**INFORMATION SHOWN:**
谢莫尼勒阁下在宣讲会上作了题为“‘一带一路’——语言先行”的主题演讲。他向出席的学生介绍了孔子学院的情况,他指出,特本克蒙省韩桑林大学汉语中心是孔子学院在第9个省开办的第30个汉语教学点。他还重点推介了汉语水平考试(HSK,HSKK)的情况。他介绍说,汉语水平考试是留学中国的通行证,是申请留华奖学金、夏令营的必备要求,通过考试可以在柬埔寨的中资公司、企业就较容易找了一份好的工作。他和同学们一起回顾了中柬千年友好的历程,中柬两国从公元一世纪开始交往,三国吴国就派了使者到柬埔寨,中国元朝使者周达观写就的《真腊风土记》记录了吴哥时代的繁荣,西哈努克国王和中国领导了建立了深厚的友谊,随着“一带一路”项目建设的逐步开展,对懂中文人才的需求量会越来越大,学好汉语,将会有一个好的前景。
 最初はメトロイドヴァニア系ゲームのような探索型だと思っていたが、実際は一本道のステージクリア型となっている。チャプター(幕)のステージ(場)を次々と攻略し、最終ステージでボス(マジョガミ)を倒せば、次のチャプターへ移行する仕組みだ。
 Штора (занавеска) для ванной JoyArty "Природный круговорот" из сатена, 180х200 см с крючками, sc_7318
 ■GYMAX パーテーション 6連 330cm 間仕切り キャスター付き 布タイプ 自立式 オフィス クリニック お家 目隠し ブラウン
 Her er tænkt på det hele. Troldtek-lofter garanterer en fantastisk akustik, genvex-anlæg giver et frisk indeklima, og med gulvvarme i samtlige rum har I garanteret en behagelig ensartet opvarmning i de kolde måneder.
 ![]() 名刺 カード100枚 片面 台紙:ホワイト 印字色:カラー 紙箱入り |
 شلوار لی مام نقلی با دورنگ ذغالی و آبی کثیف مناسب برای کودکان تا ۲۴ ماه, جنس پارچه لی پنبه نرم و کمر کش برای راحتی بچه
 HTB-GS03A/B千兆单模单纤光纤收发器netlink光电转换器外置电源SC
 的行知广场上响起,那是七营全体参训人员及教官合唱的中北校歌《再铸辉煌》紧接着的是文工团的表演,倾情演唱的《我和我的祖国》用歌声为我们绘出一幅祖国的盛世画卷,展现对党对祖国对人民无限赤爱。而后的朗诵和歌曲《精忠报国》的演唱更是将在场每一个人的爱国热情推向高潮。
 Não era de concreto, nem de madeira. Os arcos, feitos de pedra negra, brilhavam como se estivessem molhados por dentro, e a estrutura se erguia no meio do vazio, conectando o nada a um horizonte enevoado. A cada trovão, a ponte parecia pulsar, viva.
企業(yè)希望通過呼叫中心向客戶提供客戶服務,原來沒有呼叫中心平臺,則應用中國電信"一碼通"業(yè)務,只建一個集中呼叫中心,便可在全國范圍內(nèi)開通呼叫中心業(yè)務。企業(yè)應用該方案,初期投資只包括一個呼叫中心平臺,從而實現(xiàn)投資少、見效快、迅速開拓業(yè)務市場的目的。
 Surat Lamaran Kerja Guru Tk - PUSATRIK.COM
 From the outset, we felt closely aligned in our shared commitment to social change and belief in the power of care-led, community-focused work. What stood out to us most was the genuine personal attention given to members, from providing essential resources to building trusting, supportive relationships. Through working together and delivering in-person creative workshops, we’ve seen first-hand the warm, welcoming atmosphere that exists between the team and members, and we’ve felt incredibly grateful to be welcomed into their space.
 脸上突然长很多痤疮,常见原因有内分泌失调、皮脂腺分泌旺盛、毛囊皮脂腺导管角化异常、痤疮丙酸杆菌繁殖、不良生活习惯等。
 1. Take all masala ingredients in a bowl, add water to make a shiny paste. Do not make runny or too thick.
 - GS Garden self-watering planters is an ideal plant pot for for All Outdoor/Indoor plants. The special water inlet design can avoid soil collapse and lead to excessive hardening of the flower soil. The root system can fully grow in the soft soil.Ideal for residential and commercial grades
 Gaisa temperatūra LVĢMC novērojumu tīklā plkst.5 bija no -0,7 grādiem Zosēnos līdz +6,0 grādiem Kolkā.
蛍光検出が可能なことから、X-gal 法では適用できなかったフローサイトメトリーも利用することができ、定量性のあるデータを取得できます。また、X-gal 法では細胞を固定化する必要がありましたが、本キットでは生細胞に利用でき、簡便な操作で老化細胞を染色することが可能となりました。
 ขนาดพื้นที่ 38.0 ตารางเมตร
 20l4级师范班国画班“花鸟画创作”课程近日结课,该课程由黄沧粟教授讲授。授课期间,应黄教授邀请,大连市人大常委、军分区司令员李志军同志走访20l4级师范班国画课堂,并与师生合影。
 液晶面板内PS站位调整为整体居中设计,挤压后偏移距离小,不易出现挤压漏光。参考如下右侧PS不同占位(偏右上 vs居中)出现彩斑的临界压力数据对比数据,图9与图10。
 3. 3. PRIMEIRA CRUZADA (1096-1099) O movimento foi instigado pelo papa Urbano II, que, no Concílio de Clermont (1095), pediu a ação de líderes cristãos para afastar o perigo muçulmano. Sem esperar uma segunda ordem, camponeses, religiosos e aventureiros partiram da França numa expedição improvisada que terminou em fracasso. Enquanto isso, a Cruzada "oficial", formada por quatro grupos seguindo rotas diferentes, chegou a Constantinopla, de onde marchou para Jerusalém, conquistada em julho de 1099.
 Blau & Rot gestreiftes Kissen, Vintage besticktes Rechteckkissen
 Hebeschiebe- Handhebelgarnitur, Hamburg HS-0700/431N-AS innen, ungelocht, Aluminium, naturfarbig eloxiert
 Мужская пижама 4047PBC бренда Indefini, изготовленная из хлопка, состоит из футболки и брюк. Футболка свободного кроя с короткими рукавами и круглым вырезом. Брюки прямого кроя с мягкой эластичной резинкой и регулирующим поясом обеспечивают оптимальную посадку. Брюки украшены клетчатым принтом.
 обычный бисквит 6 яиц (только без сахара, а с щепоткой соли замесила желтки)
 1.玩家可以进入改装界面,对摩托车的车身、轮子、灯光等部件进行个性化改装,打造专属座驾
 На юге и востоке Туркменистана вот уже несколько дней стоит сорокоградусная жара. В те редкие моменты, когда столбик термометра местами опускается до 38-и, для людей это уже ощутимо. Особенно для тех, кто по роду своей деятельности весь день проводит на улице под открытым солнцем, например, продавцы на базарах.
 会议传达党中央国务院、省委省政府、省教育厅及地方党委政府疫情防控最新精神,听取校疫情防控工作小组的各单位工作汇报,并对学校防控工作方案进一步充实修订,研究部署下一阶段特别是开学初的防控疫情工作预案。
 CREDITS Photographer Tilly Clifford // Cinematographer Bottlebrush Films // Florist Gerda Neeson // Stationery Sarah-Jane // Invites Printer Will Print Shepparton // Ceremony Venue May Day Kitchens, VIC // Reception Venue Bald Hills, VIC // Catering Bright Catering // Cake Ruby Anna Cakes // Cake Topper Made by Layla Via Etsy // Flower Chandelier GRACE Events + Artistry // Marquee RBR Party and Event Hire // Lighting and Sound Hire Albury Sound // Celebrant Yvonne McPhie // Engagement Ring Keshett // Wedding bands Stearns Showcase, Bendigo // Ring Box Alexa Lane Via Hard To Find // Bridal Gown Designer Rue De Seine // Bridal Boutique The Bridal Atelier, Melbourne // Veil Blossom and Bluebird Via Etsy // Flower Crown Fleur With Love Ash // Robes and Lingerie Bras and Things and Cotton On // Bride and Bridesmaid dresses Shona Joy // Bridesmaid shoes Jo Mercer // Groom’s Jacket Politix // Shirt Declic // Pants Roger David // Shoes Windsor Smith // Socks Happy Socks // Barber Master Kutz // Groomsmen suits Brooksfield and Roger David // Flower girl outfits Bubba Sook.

**WORK REQUEST:**
Output the material verbatim, including every line.

**RESPONSE TO THE TASK:**
谢莫尼勒阁下在宣讲会上作了题为“‘一带一路’——语言先行”的主题演讲。他向出席的学生介绍了孔子学院的情况,他指出,特本克蒙省韩桑林大学汉语中心是孔子学院在第9个省开办的第30个汉语教学点。他还重点推介了汉语水平考试(HSK,HSKK)的情况。他介绍说,汉语水平考试是留学中国的通行证,是申请留华奖学金、夏令营的必备要求,通过考试可以在柬埔寨的中资公司、企业就较容易找了一份好的工作。他和同学们一起回顾了中柬千年友好的历程,中柬两国从公元一世纪开始交往,三国吴国就派了使者到柬埔寨,中国元朝使者周达观写就的《真腊风土记》记录了吴哥时代的繁荣,西哈努克国王和中国领导了建立了深厚的友谊,随着“一带一路”项目建设的逐步开展,对懂中文人才的需求量会越来越大,学好汉语,将会有一个好的前景。
 最初はメトロイドヴァニア系ゲームのような探索型だと思っていたが、実際は一本道のステージクリア型となっている。チャプター(幕)のステージ(場)を次々と攻略し、最終ステージでボス(マジョガミ)を倒せば、次のチャプターへ移行する仕組みだ。
 Штора (занавеска) для ванной JoyArty "Природный круговорот" из сатена, 180х200 см с крючками, sc_7318
 ■GYMAX パーテーション 6連 330cm 間仕切り キャスター付き 布タイプ 自立式 オフィス クリニック お家 目隠し ブラウン
 Her er tænkt på det hele. Troldtek-lofter garanterer en fantastisk akustik, genvex-anlæg giver et frisk indeklima, og med gulvvarme i samtlige rum har I garanteret en behagelig ensartet opvarmning i de kolde måneder.
 ![]() 名刺 カード100枚 片面 台紙:ホワイト 印字色:カラー 紙箱入り |
 شلوار لی مام نقلی با دورنگ ذغالی و آبی کثیف مناسب برای کودکان تا ۲۴ ماه, جنس پارچه لی پنبه نرم و کمر کش برای راحتی بچه
 HTB-GS03A/B千兆单模单纤光纤收发器netlink光电转换器外置电源SC
 的行知广场上响起,那是七营全体参训人员及教官合唱的中北校歌《再铸辉煌》紧接着的是文工团的表演,倾情演唱的《我和我的祖国》用歌声为我们绘出一幅祖国的盛世画卷,展现对党对祖国对人民无限赤爱。而后的朗诵和歌曲《精忠报国》的演唱更是将在场每一个人的爱国热情推向高潮。
 Não era de concreto, nem de madeira. Os arcos, feitos de pedra negra, brilhavam como se estivessem molhados por dentro, e a estrutura se erguia no meio do vazio, conectando o nada a um horizonte enevoado. A cada trovão, a ponte parecia pulsar, viva.
企業(yè)希望通過呼叫中心向客戶提供客戶服務,原來沒有呼叫中心平臺,則應用中國電信"一碼通"業(yè)務,只建一個集中呼叫中心,便可在全國范圍內(nèi)開通呼叫中心業(yè)務。企業(yè)應用該方案,初期投資只包括一個呼叫中心平臺,從而實現(xiàn)投資少、見效快、迅速開拓業(yè)務市場的目的。
 Surat Lamaran Kerja Guru Tk - PUSATRIK.COM
 From the outset, we felt closely aligned in our shared commitment to social change and belief in the power of care-led, community-focused work. What stood out to us most was the genuine personal attention given to members, from providing essential resources to building trusting, supportive relationships. Through working together and delivering in-person creative workshops, we’ve seen first-hand the warm, welcoming atmosphere that exists between the team and members, and we’ve felt incredibly grateful to be welcomed into their space.
 脸上突然长很多痤疮,常见原因有内分泌失调、皮脂腺分泌旺盛、毛囊皮脂腺导管角化异常、痤疮丙酸杆菌繁殖、不良生活习惯等。
 1. Take all masala ingredients in a bowl, add water to make a shiny paste. Do not make runny or too thick.
 - GS Garden self-watering planters is an ideal plant pot for for All Outdoor/Indoor plants. The special water inlet design can avoid soil collapse and lead to excessive hardening of the flower soil. The root system can fully grow in the soft soil.Ideal for residential and commercial grades
 Gaisa temperatūra LVĢMC novērojumu tīklā plkst.5 bija no -0,7 grādiem Zosēnos līdz +6,0 grādiem Kolkā.
蛍光検出が可能なことから、X-gal 法では適用できなかったフローサイトメトリーも利用することができ、定量性のあるデータを取得できます。また、X-gal 法では細胞を固定化する必要がありましたが、本キットでは生細胞に利用でき、簡便な操作で老化細胞を染色することが可能となりました。
 ขนาดพื้นที่ 38.0 ตารางเมตร
 20l4级师范班国画班“花鸟画创作”课程近日结课,该课程由黄沧粟教授讲授。授课期间,应黄教授邀请,大连市人大常委、军分区司令员李志军同志走访20l4级师范班国画课堂,并与师生合影。
 液晶面板内PS站位调整为整体居中设计,挤压后偏移距离小,不易出现挤压漏光。参考如下右侧PS不同占位(偏右上 vs居中)出现彩斑的临界压力数据对比数据,图9与图10。
 3. 3. PRIMEIRA CRUZADA (1096-1099) O movimento foi instigado pelo papa Urbano II, que, no Concílio de Clermont (1095), pediu a ação de líderes cristãos para afastar o perigo muçulmano. Sem esperar uma segunda ordem, camponeses, religiosos e aventureiros partiram da França numa expedição improvisada que terminou em fracasso. Enquanto isso, a Cruzada "oficial", formada por quatro grupos seguindo rotas diferentes, chegou a Constantinopla, de onde marchou para Jerusalém, conquistada em julho de 1099.
 Blau & Rot gestreiftes Kissen, Vintage besticktes Rechteckkissen
 Hebeschiebe- Handhebelgarnitur, Hamburg HS-0700/431N-AS innen, ungelocht, Aluminium, naturfarbig eloxiert
 Мужская пижама 4047PBC бренда Indefini, изготовленная из хлопка, состоит из футболки и брюк. Футболка свободного кроя с короткими рукавами и круглым вырезом. Брюки прямого кроя с мягкой эластичной резинкой и регулирующим поясом обеспечивают оптимальную посадку. Брюки украшены клетчатым принтом.
 обычный бисквит 6 яиц (только без сахара, а с щепоткой соли замесила желтки)
 1.玩家可以进入改装界面,对摩托车的车身、轮子、灯光等部件进行个性化改装,打造专属座驾
 На юге и востоке Туркменистана вот уже несколько дней стоит сорокоградусная жара. В те редкие моменты, когда столбик термометра местами опускается до 38-и, для людей это уже ощутимо. Особенно для тех, кто по роду своей деятельности весь день проводит на улице под открытым солнцем, например, продавцы на базарах.
 会议传达党中央国务院、省委省政府、省教育厅及地方党委政府疫情防控最新精神,听取校疫情防控工作小组的各单位工作汇报,并对学校防控工作方案进一步充实修订,研究部署下一阶段特别是开学初的防控疫情工作预案。
 CREDITS Photographer Tilly Clifford // Cinematographer Bottlebrush Films // Florist Gerda Neeson // Stationery Sarah-Jane // Invites Printer Will Print Shepparton // Ceremony Venue May Day Kitchens, VIC // Reception Venue Bald Hills, VIC // Catering Bright Catering // Cake Ruby Anna Cakes // Cake Topper Made by Layla Via Etsy // Flower Chandelier GRACE Events + Artistry // Marquee RBR Party and Event Hire // Lighting and Sound Hire Albury Sound // Celebrant Yvonne McPhie // Engagement Ring Keshett // Wedding bands Stearns Showcase, Bendigo // Ring Box Alexa Lane Via Hard To Find // Bridal Gown Designer Rue De Seine // Bridal Boutique The Bridal Atelier, Melbourne // Veil Blossom and Bluebird Via Etsy // Flower Crown Fleur With Love Ash // Robes and Lingerie Bras and Things and Cotton On // Bride and Bridesmaid dresses Shona Joy // Bridesmaid shoes Jo Mercer // Groom’s Jacket Politix // Shirt Declic // Pants Roger David // Shoes Windsor Smith // Socks Happy Socks // Barber Master Kutz // Groomsmen suits Brooksfield and Roger David // Flower girl outfits Bubba Sook.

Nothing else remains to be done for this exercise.